Question about PDF search indexes

  • January 24, 2012
  • 1 reply
  • 594 views
Adepters:

Some of our deliverables are in the form of PDF collections (dozens of PDFs that can be launched from a Web page). We generate these using PE 5.3, direct-to-PDF. The group that maintains the PDF collection has a manual process for generating a PDF search index of the entire collection using the standard Acrobat tool. This, of course, is a manual and somewhat arduous task. So, I'm being asked if there's any way to automate this process (building the Acrobat search index). I'm pretty sure PE can't help - at least I couldn't find any mention of that in the PE Programmer's Guide, so I'm wondering if any of you have created these indexes and perhaps found a better method (automating the Acrobat tool, third party software, etc.)?

Thanks in advance,
Dave

    1 reply

    18-Opal
    January 24, 2012
    Hi David--



    DMP might be of use here.

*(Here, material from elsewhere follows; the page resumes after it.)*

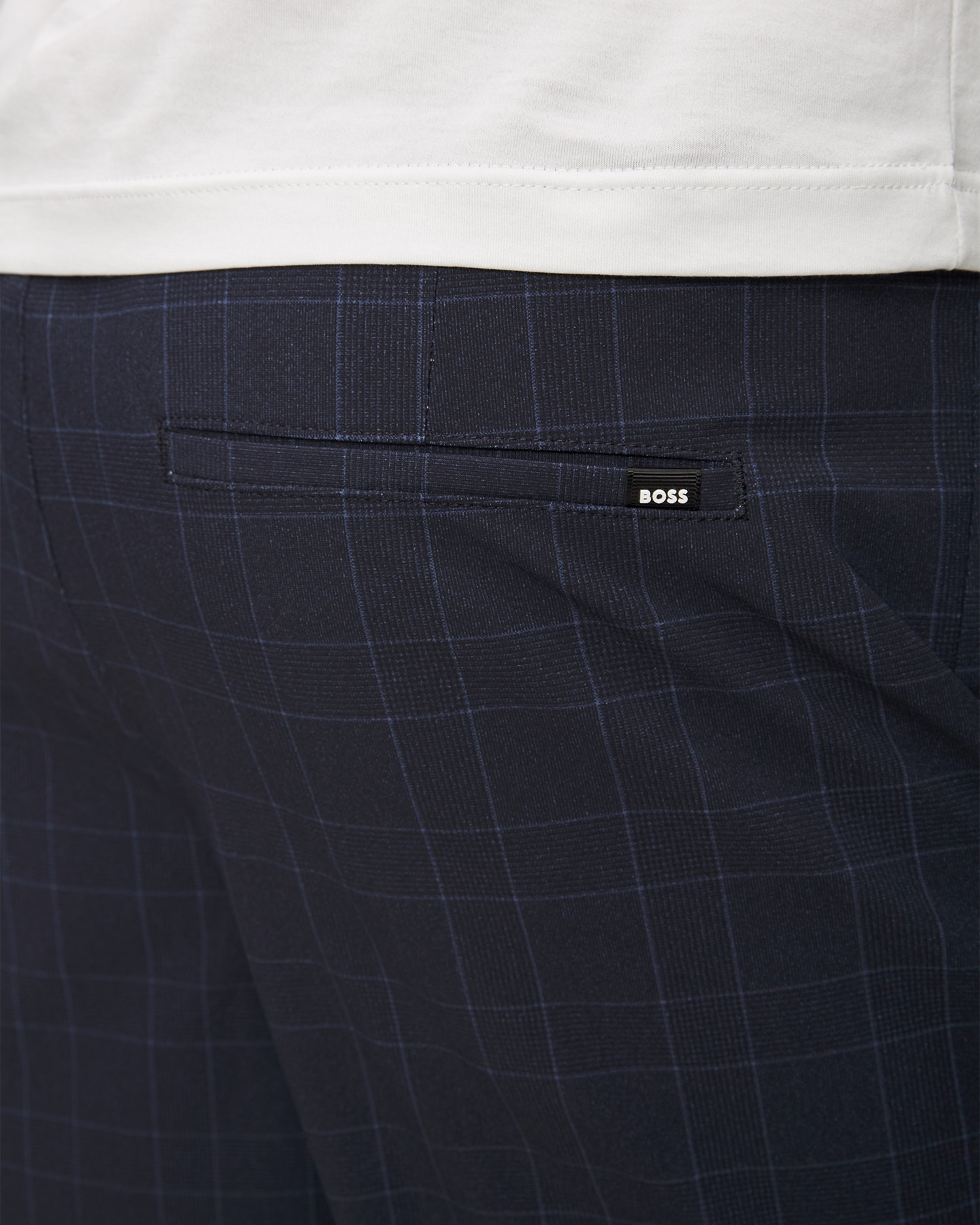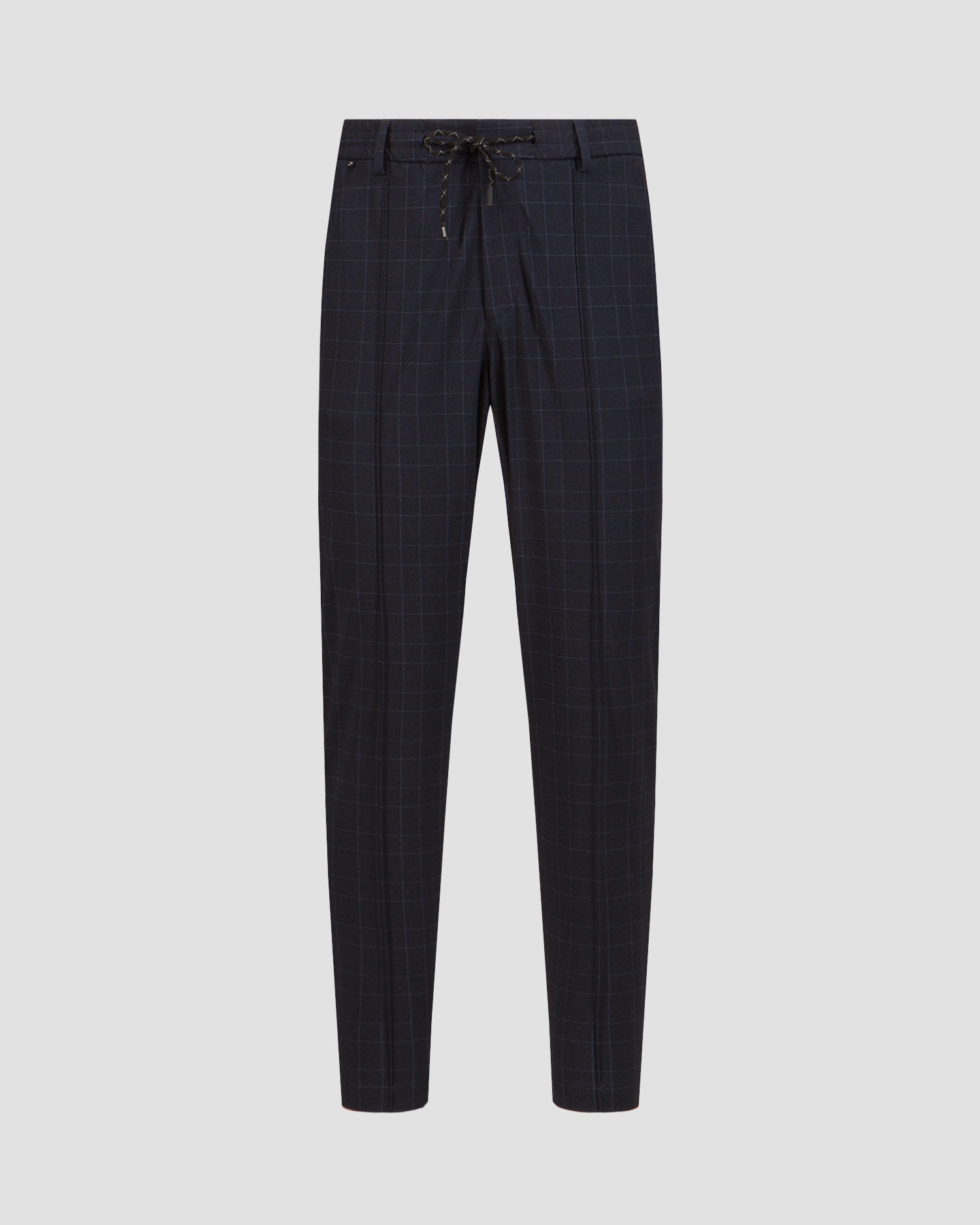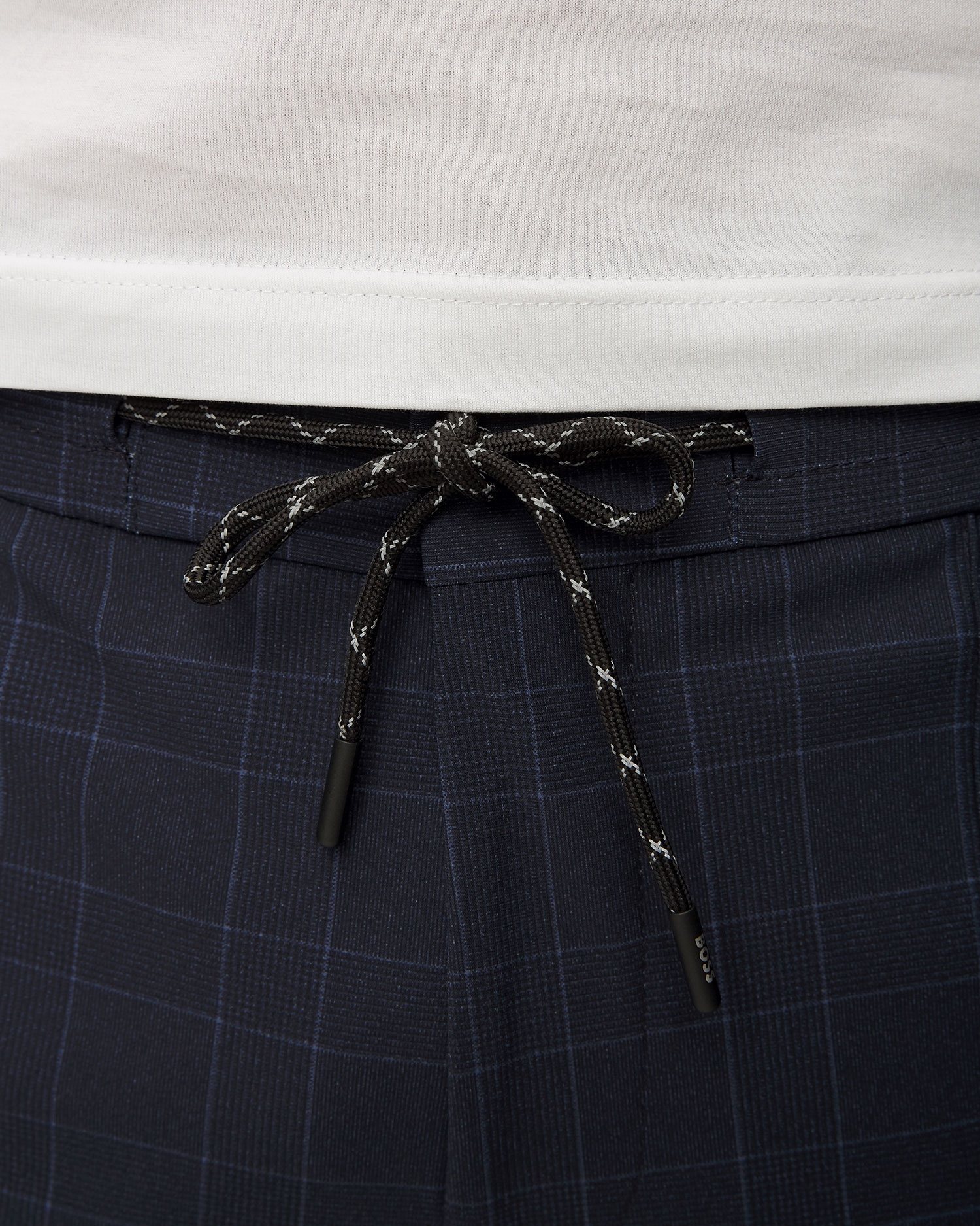 Hugo Boss Perin men's checked pants are for men who don’t want to give up on style to keep comfort. The high elasticity knit fabric provides the comfort of wearing. Tapered legs with vertical stitching emphasize the elegant style of the pants. Waist belt loops, the trousers are tied with a decorative cord with aglets.

If you build a DMP project that includes all
    your PDFs, it will build a full-text search index as part of the DMC
    package it generates. You can search within DMC viewer of course (or in
    the web app if you produce a webapp.jar file). But the index it
    generates is a standard Lucene index, so you may be able to extract the
    index part of the DMC build and integrate it with your own search
    interface, assuming that interface also uses a Lucene-compatible index.



    The PDF's you index this way do not need to be published using PE or
    Arbortext (though of course they can be).



    --Clay





    Clay Helberg

    Senior Consultant

    TerraXML